### What is required
Exclude all pictures, and reproduce exactly the lines from the one containing "本校には、生徒会執行部・学習" through the end of the records, with nothing else added.

### Data provided
╭──

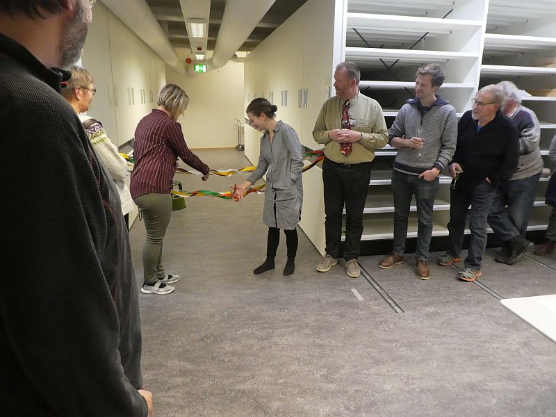 P1080311 November 30, 2017 800 × 600 Opening of the new Trondheim Herbarium TRH Cutting the double helix to open the herbarium needed two pairs of scissors, of course! Optimized print or PDF
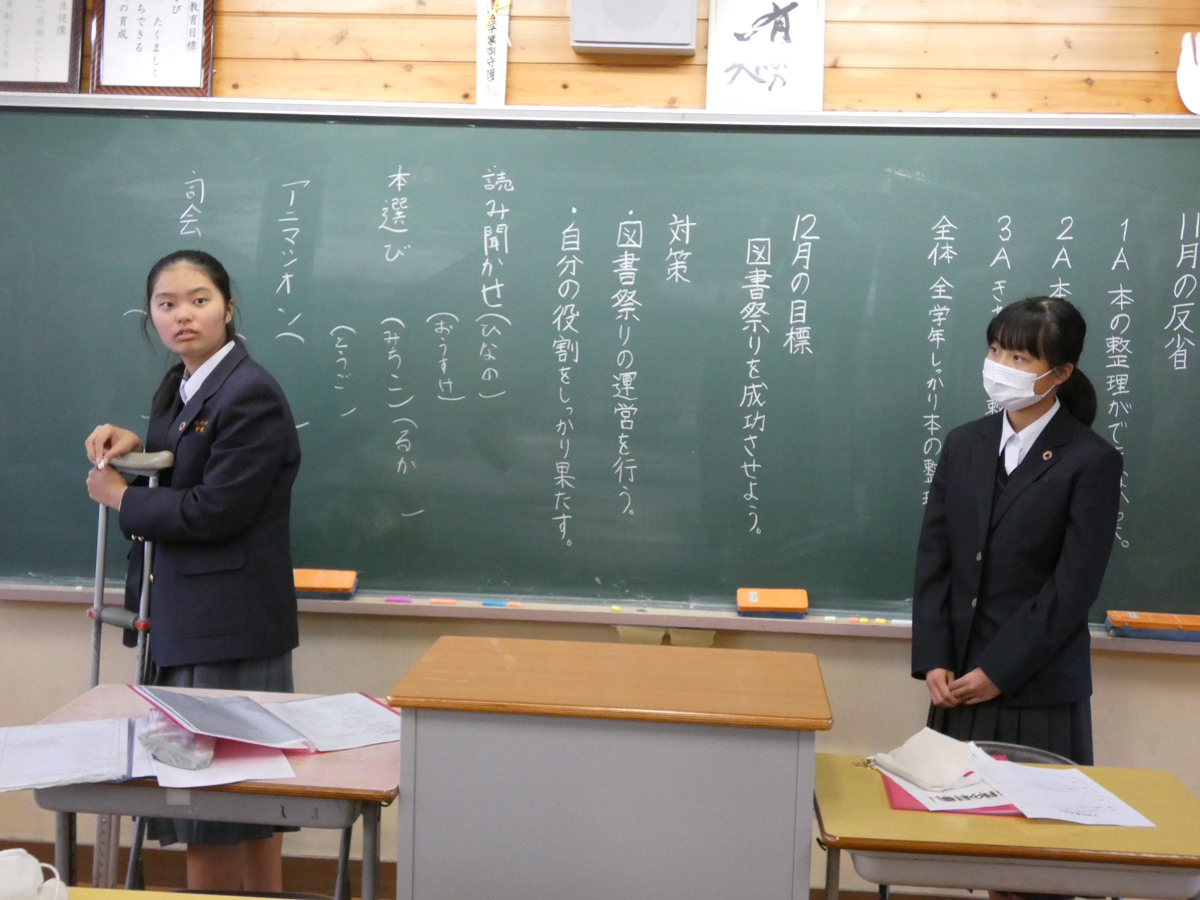本校には、生徒会執行部・学習図書委員会・体育生活委員会・文化放送委員会・保健給食委員会の5つの委員会に全校生徒所属しています。
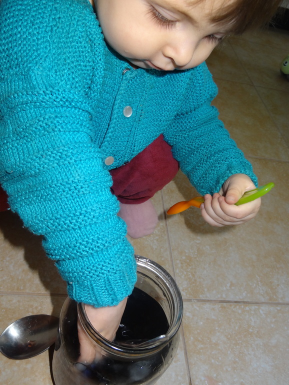 И игры с водой)))Доченька принимала активное участие в размешивании красителей в воде,но мешала только своей ложкой или рукой)))
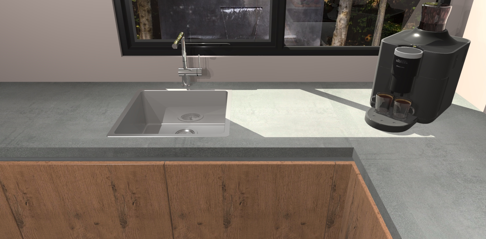 - De spoelbak is nog niet in gevreesd. Dit dient tijdens het werk gedaan te worden
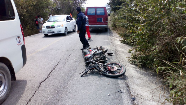 Los ocupantes de la moto, Adolfo Hernández Hernández de 19 años de edad, y Mario González Hernández de 16 años, con domicilio en el ejido San Antonio Huichimal, resultaron gravemente heridos.

╰──

### Response for this exercise
本校には、生徒会執行部・学習図書委員会・体育生活委員会・文化放送委員会・保健給食委員会の5つの委員会に全校生徒所属しています。
 И игры с водой)))Доченька принимала активное участие в размешивании красителей в воде,но мешала только своей ложкой или рукой)))
 - De spoelbak is nog niet in gevreesd. Dit dient tijdens het werk gedaan te worden
 Los ocupantes de la moto, Adolfo Hernández Hernández de 19 años de edad, y Mario González Hernández de 16 años, con domicilio en el ejido San Antonio Huichimal, resultaron gravemente heridos.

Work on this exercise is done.